Sleep Disordered Breathing (SDB) and Obstructive Sleep Apnoea (OSA)

In seeking professional advice regarding sleep disturbances in children who snore, it is worth discussing with your GP and requesting to see a childhood ENT specialist.

Snoring is a noise that is made when there is a blockage to airflow whilst we are asleep. ENT Surgeons have long been aware that sleep apnoea can have serious health effects including heart problems, impaired growth, altered facial growth, and abnormal chest wall development. Needless to say, it is very scary for parents to witness their child stop breathing at night.

We now know that breathing disturbances at night resulting in snoring may have an effect on children during the day as well as at night. This may be evident by day time tiredness, poor concentration, poor school performance, behavioral problems (including Attention Deficit Disorder or ADD or ADHD) and bed wetting. If you have concerns about your child and their snoring, you should firstly talk to your GP. We are happy to offer you an appointment.

What are the tonsils and adenoids?

Most people have heard of the tonsils and some have heard of the adenoids but not everyone knows where they are.

The tonsils lie at the back of the throat and the adenoids lie at the back on the nose. They are made of the same type of tissue known as lymphoid tissue. This is the same sort of tissue as the appendix (infection of this is called appendicitis). Just like the appendix, the tonsils and adenoids can become infected and cause health problems (see below). The role of the tonsils and adenoids is to help our body's immune system. They play a minor role in comparison to the body's overall defenses, which is why they can be removed without any detriment to our ability to fight off infections.

 

Why do ENT Specialists remove the tonsil and adenoids?

Depending on the health problem, it may be recommended that either the tonsils or adenoids be removed alone, but often they are removed at the same time. The most common reason for removing the tonsils and adenoids is when they are causing blockage to breathing at night- this is a condition known as "Sleep Disordered Breathing" or SDB for short. This condition can be so bad that the blockage prevents children from breathing all-together.
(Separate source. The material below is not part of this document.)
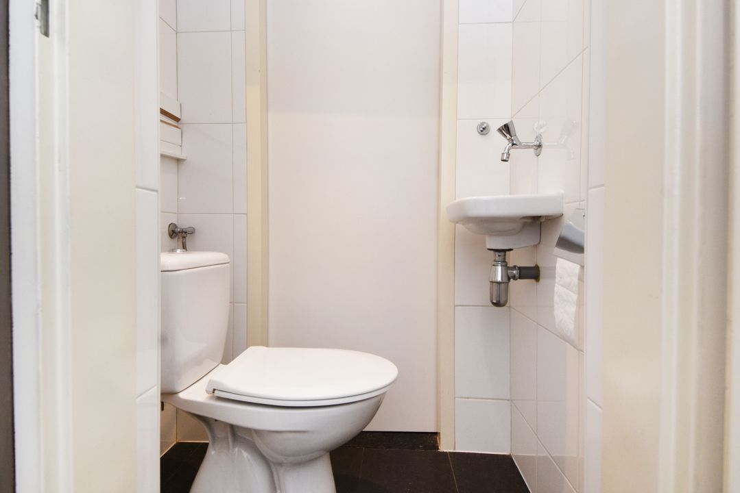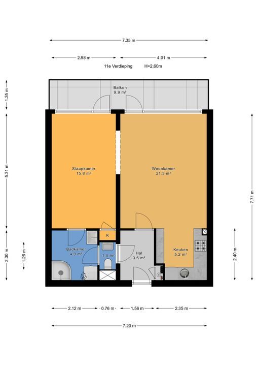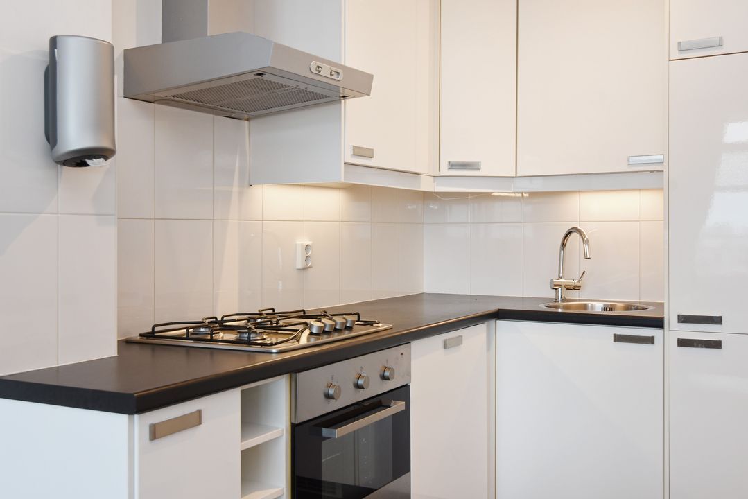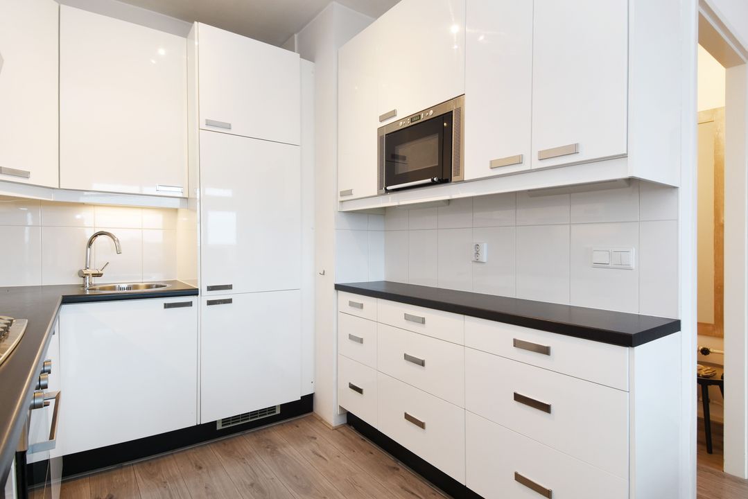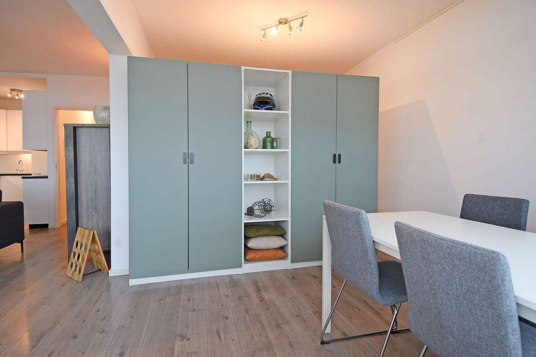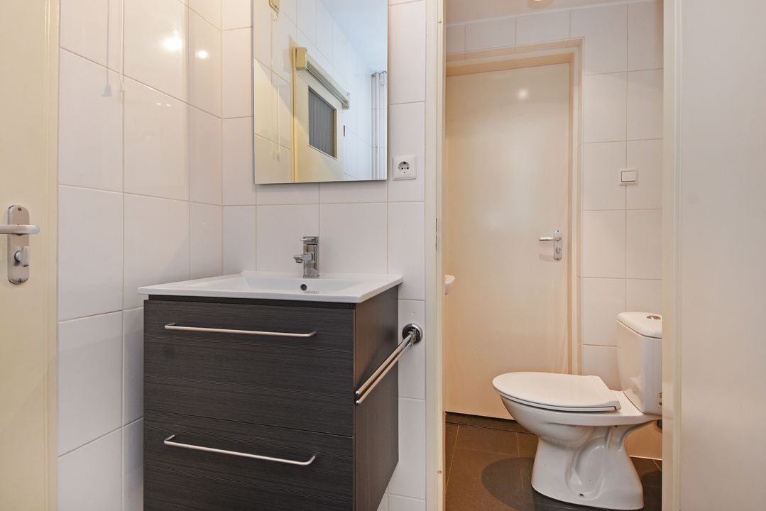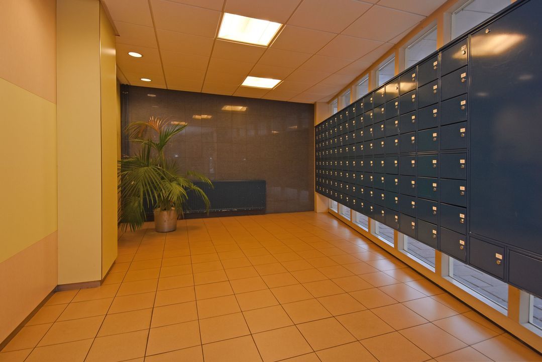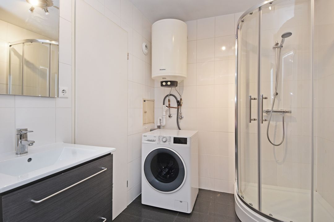 Entrance through a closed porch with mailboxes and videophone installation, elevator or staircase to the 11th floor, corridor to the apartment, entrance of the apartment, hall/corridor, meter cupboard, toilet room with a duo block and a sink (and passage to bathroom), living room with open kitchen with a neat interior and equipped with a stainless steel gas hob, an extractor hood, a stainless steel sink, a fridge freezer, a dishwasher and a narrow extra worktop with cupboard space and a microwave, from the living room access to the balcony and access via the dining area, separated by cupboard space to the bedroom area with a closet and also access to the indoor bathroom with a shower cabin, a washbasin with furniture, the connection for the washing machine and the location of the rental boiler. On the 11th floor there is a private storage room at the end of the corridor.

This is known as "Obstructive Sleep Apnoea" or OSA.

The other reasons for recommending removal of the tonsils is when there have been several episodes of tonsillitis. It is the frequency and severity of the infections that acts as a guide to the benefit of tonsillectomy. Other types of infections that tonsillectomy may be indicated for include an abscess near the tonsil and a low grade chronic sore throat.

The adenoids lie at the back of the nose and may cause nasal blockage. This may result in a runny nose, snoring, mouth breathing and altered speech. The adenoids also lie near the tubes that go from the back of the nose to the ears. It is because of this close relationship that the adenoids may removed to help reduce middle ear infections.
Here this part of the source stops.